Hvac for Subway Stations

Subway, a term for underground rapid transit rail systems ·

The hvac system for a subway station must be able to provide ventilation for the station as well as for the tunnels. The system must also be able to cool the station in the summer and heat it in the winter.

  • Subways are treated as a moving heat source in tunnels and from station to station, heat source (breaks , engines and condensers)

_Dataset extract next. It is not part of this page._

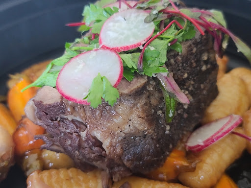 The food: The plates come out very pretty. The menu items could get more flavorful even though they are simple. That being said not bad tasting, just lacking seasoning. Food, Not mouth watering or delicious, just bland. Some things in the dishes don't go together, like sliced radishes over a creamy sauce that had the flavor and consistency of milk instead of a creamy bechemel sauce. I eat together all things on my plate so I hope they mix nicely on my tongue.
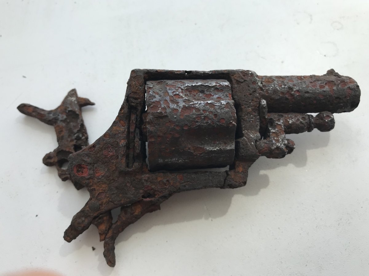 Добрый вечер панове) Подскажите по остаткам пистолета ? Почитал, вроде «бульдог», но аналогичной модели не нашёл. Был найден на дне блиндажа. С уважением.

  • Subways stations are in some cases mechanically cooled

  • AHUs are to be equipped with HEPA filtration

  • Train separation compartment are recommend to eliminate draft in stations

  • Subway stations need to be ventilated with fresh air

  • Subway tunnels are just ventilated with fresh air supply & exhaust

  • Smoke extraction code overrides for fans and duct sizing in case of fire emergency

  • Escape routes to be over pressurised in case of emergency

  • Due to the Piston effect of a moving subway vent shafts connected to louvers are at the entry & exit of each tunnel with baffles

  • Transfer Fans are utilised to push fresh air into the tunnels

  • UPE (under platform exhaust) & OTE (overt rack exhaust) are in use

  • Station Filtration units are recommended with HEPA filters

  • BMS includes but not limited to (CO2, airflow, temperatures, humidity, AHUs, filters, fans, smoke sensors, pressure, compressors)

  • For contracts or further details please contact the publisher

  • I can be consulted on this and help you achieve your goals Remotely.


HVAC Design for cleanrooms

HVAC Cleanrooms Design

A cleanroom or clean room is a facility ordinarily utilized as a part of specialized industrial production or scientific research, including the manufacture of pharmaceutical items, integrated circuits, LCD, OLED and microLED displays.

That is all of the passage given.